# WORK INSTRUCTION
From the material below, return exactly the lines starting at the one that holds "Basic foam earplugss." and ending at the one that holds "Emperor Henry IV". Pictures stay out of the answer.

# DATA RECORDS
+-------+

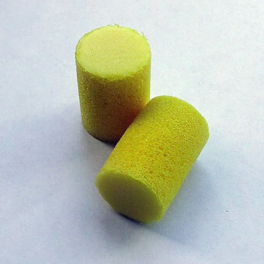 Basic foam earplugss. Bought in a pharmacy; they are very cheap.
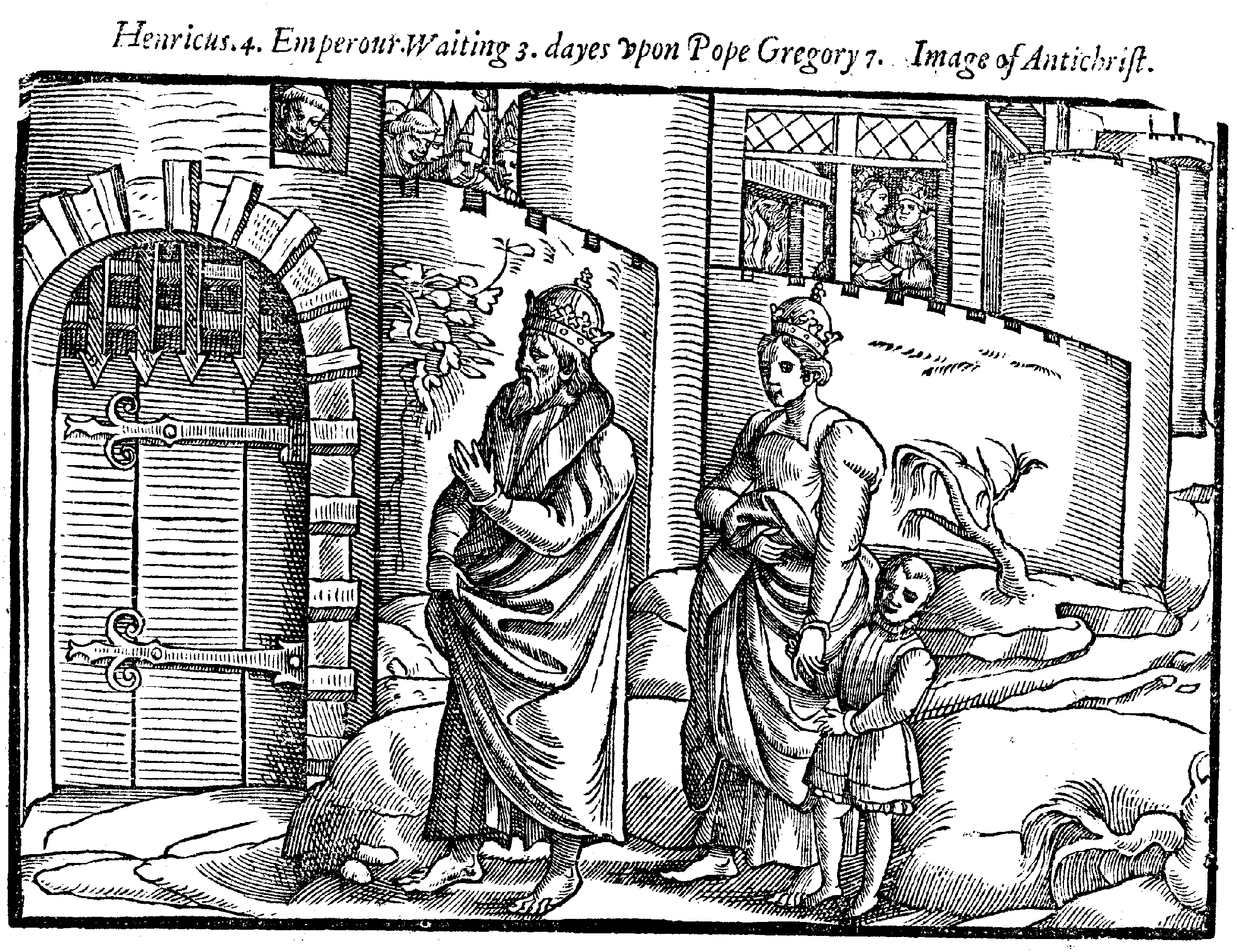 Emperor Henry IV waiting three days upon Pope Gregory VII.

+-------+

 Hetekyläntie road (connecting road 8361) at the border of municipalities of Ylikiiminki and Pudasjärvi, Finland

+-------+

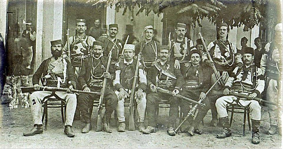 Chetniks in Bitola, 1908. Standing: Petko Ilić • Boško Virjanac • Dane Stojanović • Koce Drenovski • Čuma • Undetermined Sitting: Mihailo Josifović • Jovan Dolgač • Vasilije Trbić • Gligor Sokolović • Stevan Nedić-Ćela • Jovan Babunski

+-------+

# RESULT OF THIS EXERCISE
 Basic foam earplugss. Bought in a pharmacy; they are very cheap.
 Emperor Henry IV waiting three days upon Pope Gregory VII.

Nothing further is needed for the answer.